When enabled, reads that would otherwise have no gene assignment can be classified as intronic if they meet specific criteria:
Requirements for intronic classification:
- No exonic gene assignment from standard
classifyAlign - Read is single-part (unspliced,
nExons == 1) - Read intersects introns of >1 transcripts for the candidate gene
This approximates GEDI's "location count" check for intronic reads.
Candidate gene source: Uses GeneFull_ExonOverIntron overlap set (genes where read overlaps gene body but wasn't assigned exonically).
Relaxes the strict exonic concordance requirement for gene assignment:
Standard behavior: Read must be fully exon-concordant with transcript (all blocks inside exons, splice junctions match).
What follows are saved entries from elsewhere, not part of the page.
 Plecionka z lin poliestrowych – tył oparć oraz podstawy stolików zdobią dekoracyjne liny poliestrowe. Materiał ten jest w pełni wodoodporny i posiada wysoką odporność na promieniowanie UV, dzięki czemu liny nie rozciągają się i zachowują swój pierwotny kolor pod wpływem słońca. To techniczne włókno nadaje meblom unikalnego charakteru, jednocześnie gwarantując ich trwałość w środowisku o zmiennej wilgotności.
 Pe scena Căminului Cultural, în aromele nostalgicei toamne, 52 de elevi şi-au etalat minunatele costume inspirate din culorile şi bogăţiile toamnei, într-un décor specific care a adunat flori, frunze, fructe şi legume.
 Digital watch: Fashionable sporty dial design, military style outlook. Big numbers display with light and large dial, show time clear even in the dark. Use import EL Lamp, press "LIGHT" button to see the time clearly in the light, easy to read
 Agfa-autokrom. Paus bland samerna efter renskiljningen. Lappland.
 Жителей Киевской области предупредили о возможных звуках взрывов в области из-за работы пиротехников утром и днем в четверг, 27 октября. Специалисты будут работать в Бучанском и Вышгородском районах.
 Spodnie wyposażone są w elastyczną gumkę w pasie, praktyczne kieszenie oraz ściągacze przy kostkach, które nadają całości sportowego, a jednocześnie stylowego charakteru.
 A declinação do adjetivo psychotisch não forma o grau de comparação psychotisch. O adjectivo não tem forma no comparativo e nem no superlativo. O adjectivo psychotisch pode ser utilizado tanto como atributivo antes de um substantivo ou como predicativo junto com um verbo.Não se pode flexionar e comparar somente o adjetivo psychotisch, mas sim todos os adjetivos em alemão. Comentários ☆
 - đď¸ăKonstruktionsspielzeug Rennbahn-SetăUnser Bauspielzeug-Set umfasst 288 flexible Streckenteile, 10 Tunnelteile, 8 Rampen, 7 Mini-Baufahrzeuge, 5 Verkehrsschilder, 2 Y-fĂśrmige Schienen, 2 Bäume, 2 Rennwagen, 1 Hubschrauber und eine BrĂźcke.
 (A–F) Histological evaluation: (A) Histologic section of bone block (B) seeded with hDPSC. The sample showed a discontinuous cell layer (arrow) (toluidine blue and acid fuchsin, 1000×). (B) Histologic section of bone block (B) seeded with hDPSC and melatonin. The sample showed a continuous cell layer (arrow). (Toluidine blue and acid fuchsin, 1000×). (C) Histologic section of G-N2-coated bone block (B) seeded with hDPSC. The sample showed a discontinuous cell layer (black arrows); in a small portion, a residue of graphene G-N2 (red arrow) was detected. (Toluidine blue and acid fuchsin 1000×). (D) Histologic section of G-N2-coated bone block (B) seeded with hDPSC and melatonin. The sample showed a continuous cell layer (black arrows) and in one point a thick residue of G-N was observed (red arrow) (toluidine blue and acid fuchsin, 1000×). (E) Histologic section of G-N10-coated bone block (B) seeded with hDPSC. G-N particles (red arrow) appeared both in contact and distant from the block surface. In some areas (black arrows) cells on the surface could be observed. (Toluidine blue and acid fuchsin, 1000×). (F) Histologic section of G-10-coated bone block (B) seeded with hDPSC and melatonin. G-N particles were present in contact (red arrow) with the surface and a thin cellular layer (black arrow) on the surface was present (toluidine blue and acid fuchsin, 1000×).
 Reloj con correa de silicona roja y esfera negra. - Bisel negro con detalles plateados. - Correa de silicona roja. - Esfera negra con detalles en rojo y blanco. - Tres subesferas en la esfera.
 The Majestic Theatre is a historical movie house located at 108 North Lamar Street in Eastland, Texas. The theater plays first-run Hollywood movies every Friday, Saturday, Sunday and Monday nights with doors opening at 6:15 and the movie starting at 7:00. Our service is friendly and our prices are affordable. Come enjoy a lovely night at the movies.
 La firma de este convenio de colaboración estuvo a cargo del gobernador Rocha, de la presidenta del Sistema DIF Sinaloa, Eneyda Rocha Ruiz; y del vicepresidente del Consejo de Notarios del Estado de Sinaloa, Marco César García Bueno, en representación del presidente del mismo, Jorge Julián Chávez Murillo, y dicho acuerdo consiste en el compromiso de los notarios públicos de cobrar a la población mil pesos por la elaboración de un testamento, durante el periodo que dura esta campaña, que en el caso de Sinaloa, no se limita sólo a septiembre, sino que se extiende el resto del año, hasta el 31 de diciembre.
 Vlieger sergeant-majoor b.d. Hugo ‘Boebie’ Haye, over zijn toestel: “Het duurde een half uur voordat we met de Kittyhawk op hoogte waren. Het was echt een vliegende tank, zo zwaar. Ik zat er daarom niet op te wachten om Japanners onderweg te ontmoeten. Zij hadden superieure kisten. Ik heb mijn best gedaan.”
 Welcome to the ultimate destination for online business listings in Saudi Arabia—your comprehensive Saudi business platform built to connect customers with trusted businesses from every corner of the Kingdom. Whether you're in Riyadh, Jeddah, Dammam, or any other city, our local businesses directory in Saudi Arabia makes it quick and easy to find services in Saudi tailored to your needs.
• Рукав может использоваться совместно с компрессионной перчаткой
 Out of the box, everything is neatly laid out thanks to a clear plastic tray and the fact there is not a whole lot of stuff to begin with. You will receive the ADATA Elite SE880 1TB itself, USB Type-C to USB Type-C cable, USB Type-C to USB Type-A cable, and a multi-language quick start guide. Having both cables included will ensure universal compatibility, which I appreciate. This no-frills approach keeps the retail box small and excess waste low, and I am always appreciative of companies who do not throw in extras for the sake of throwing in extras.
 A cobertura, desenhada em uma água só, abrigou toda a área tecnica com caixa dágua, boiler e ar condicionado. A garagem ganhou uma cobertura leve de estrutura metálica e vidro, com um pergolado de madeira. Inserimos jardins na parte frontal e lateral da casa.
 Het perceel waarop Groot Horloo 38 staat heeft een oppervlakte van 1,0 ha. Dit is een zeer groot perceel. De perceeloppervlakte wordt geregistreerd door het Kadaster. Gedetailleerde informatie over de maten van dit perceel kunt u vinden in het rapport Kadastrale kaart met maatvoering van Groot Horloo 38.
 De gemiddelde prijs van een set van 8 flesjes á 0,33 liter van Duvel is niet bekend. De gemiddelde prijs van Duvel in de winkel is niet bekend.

Lenient behavior: Accepts reads meeting:
- ≥50% of mapped length overlaps transcript exons
- Splice junction consistency (via
alignToTranscriptMinOverlap) - Status must be
ConcordantorExonIntron(NOT purelyIntron)
This catches reads that slightly span exon boundaries but are otherwise consistent.
Adjusts alignment weights based on ambiguous gene assignments:
Standard behavior: Weight = 1/nTr (divided by number of alignments)
Compat behavior: Weight = (1/nTr) / geneCount
Where geneCount is the read-level union of all genes assigned across all alignments (annFeat.fSet.size()). This matches GEDI's gset semantics.
Semantics: Uses read-level union (not per-alignment) to match GEDI behavior.
Controls which positions are counted for T→C conversions:
Overlap filtering (slamCompatIgnoreOverlap):
- When enabled, all positions where PE mates overlap are skipped (both mate 1 and mate 2 positions)
- This differs from STAR's default behavior which only skips mismatches on mate 2 in overlap regions
- This is a deliberate divergence from GEDI (see below)
Trim guards (slamCompatTrim5p, slamCompatTrim3p):
- Skip positions within N bases of mate 5' or 3' ends
- Applied per-mate (not concatenated read position)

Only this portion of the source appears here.